> Required action
Below are records with pictures; copy word for word only the lines between the line with "对于 iOS 和 tvOS" and the line with "هذا تطبيق يضم", inclusive, and drop the pictures.

> Stored data
────────
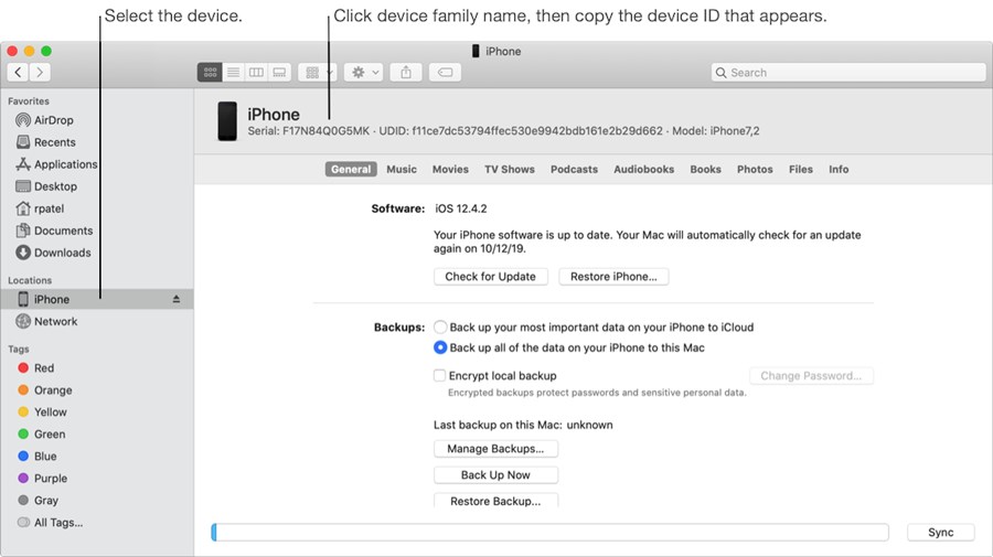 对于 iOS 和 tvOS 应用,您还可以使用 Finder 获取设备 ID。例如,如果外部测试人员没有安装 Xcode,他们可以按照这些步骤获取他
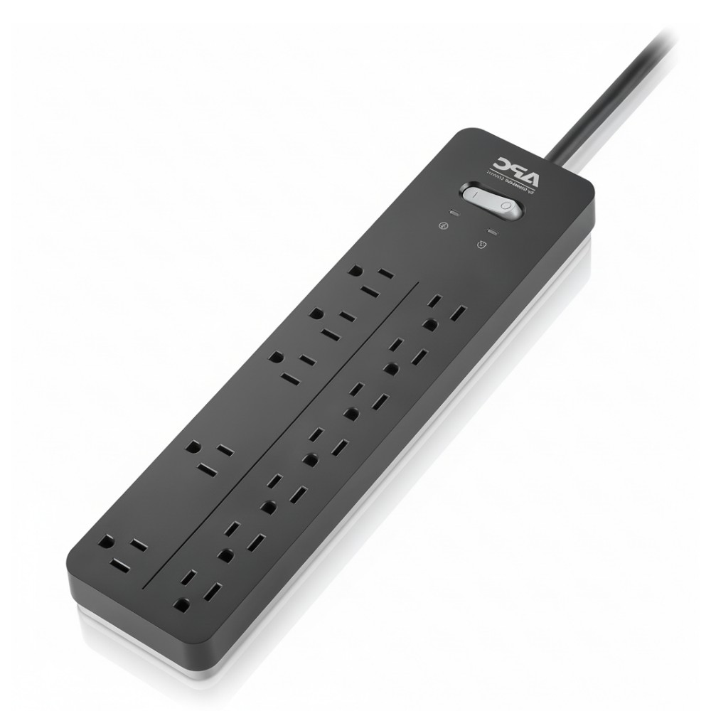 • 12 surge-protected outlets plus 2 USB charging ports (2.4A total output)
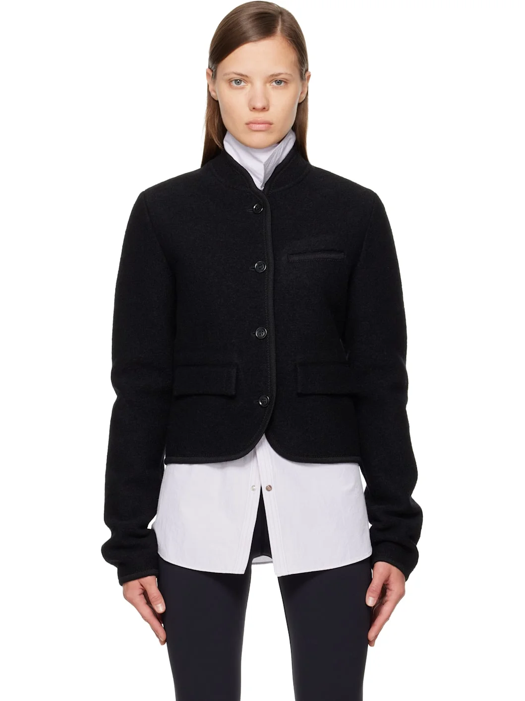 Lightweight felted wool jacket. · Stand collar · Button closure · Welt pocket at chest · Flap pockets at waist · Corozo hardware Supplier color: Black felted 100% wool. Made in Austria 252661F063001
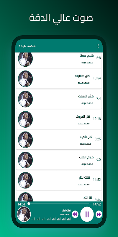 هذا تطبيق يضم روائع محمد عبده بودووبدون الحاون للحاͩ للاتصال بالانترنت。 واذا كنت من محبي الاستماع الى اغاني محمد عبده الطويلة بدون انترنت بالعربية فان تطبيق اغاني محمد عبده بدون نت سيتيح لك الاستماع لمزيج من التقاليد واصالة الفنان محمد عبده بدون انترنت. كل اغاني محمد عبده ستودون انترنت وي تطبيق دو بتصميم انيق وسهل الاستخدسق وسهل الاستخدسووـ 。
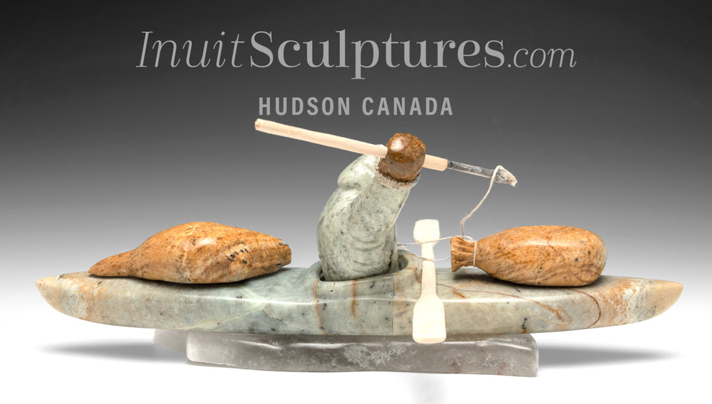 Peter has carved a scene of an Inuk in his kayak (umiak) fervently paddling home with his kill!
────────
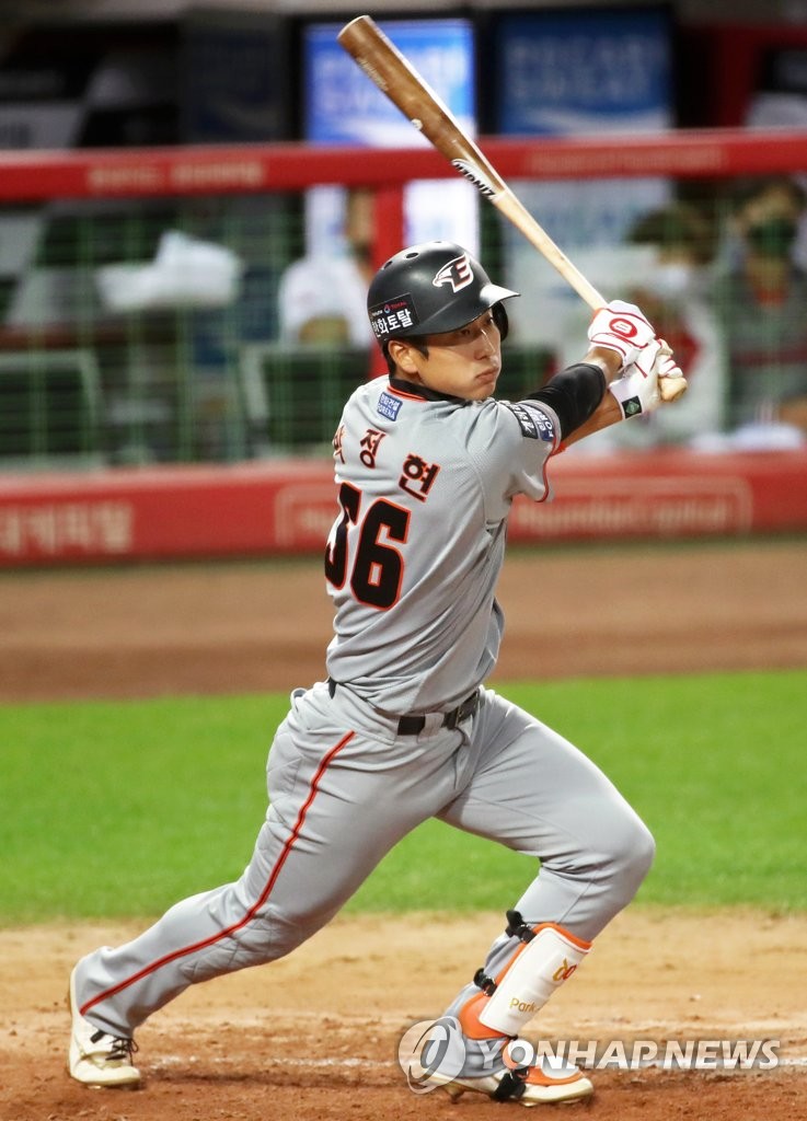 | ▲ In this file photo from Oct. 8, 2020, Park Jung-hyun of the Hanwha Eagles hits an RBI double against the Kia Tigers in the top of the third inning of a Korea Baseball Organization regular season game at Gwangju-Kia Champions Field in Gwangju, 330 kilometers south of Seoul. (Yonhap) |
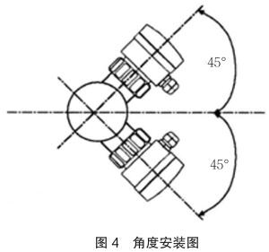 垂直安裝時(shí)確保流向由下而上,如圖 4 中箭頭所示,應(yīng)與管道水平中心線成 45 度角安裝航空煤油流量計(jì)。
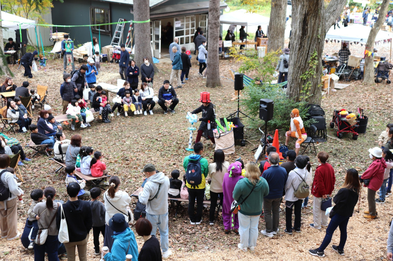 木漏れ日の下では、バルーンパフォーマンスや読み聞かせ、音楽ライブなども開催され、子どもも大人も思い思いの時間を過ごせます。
────────
> Exercise output
 对于 iOS 和 tvOS 应用,您还可以使用 Finder 获取设备 ID。例如,如果外部测试人员没有安装 Xcode,他们可以按照这些步骤获取他
 • 12 surge-protected outlets plus 2 USB charging ports (2.4A total output)
 Lightweight felted wool jacket. · Stand collar · Button closure · Welt pocket at chest · Flap pockets at waist · Corozo hardware Supplier color: Black felted 100% wool. Made in Austria 252661F063001
 هذا تطبيق يضم روائع محمد عبده بودووبدون الحاون للحاͩ للاتصال بالانترنت。 واذا كنت من محبي الاستماع الى اغاني محمد عبده الطويلة بدون انترنت بالعربية فان تطبيق اغاني محمد عبده بدون نت سيتيح لك الاستماع لمزيج من التقاليد واصالة الفنان محمد عبده بدون انترنت. كل اغاني محمد عبده ستودون انترنت وي تطبيق دو بتصميم انيق وسهل الاستخدسق وسهل الاستخدسووـ 。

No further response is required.